Examples of the information we automatically collect include:

• network and connection information, such as the Internet protocol (IP) address used to connect your
computer or other device to the Internet and information about your Internet service provider;
• computer and device information, such as device, application, or browser type and version, browser
plug-in type and version, operating system, or time zone setting;
• the location of your device or computer;
• authentication and security credential information;
• APS Services metrics, such as offering usage, occurrences of technical errors, diagnostic reports, your
settings preferences, backup information, API calls, and other logs;
• the full Uniform Resource Locators (URL) clickstream to, through, and from our website (including date
and time) and APS Services, content you viewed or searched for, page response times, download errors,
and page interaction information (such as scrolling, clicks, and mouse-overs);
• email addresses and phone numbers used to contact us; and
• identifiers and information contained in cookies (see our Cookies Notice).

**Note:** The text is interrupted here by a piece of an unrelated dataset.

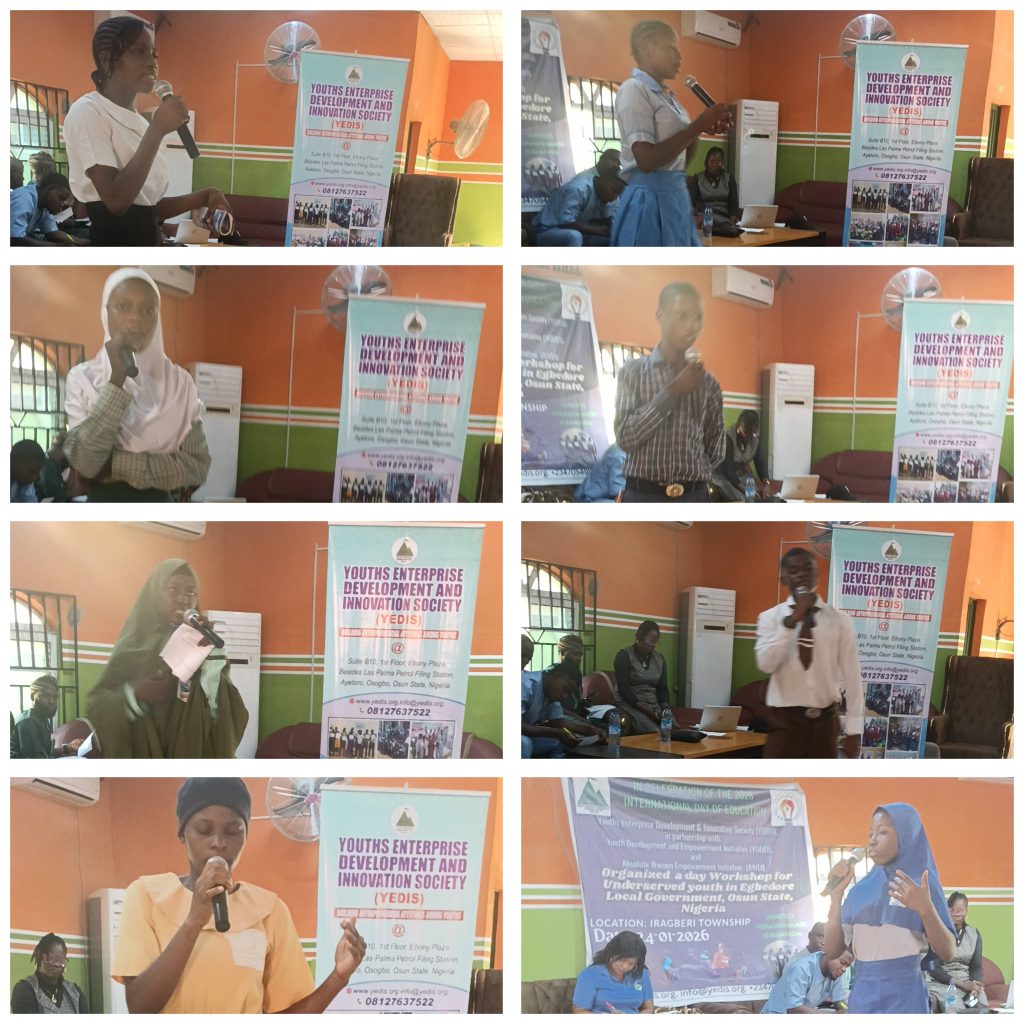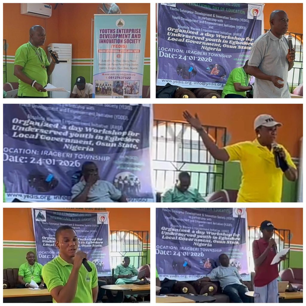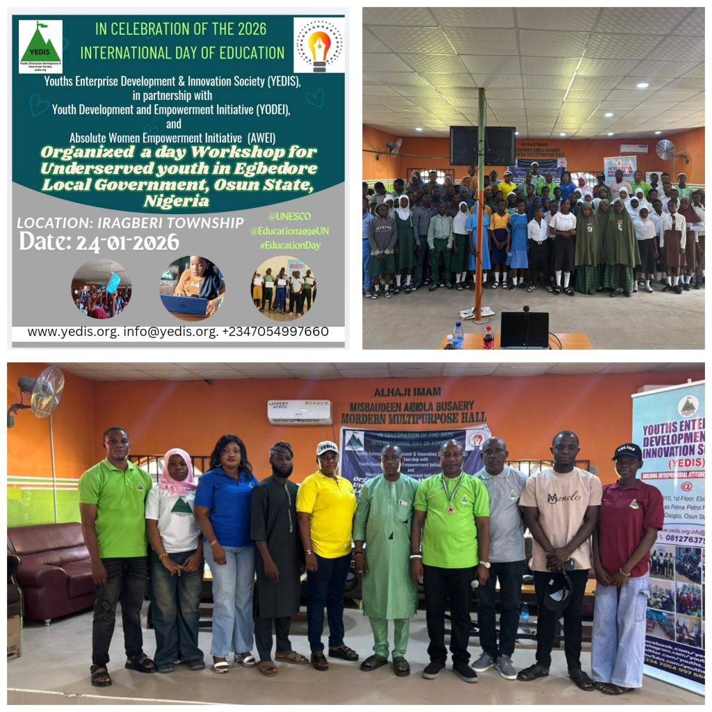 The Youths Enterprise Development and Innovation Society (YEDIS), in collaboration with the Youth Development and Empowerment Initiative (YODEI) and the Absolute Women Empowerment Initiative (AWEI), celebrated International Day of Education in Iragberi township, Egbedore Local Government, Osun State, Nigeria, on 24 January 2026. The event was notably inclusive, with participation from over 500 students from villages and towns within Egbedore Local Government. The program commenced at 9:00 a.m. and concluded at 5:00 p.m.

Information from Other Sources

Examples of information we receive from other sources include:

• marketing, sales generation, and recruitment information, including your name, email address, physical
address, phone number, and other similar contact information;
• subscription, purchase, support, or other information about your interactions with products and
services offered by us, our affiliates (such as APS training courses), or third parties in relation to APS
Services;
• search results and links, including paid listings (such as Sponsored Links); and
• credit history information from credit bureaus.

Information You Can Access

Examples of information you can access through APS Services include:
• your name, email address, physical address, phone number, and other similar contact information;
• usernames, aliases, roles, and other authentication and security credential information;
• your subscription, purchase, usage, billing, and payment history;
• payment settings, such as payment instrument information and billing preferences; and
• tax information.

Merchants can access the information above through the APS Merchant Dashboard.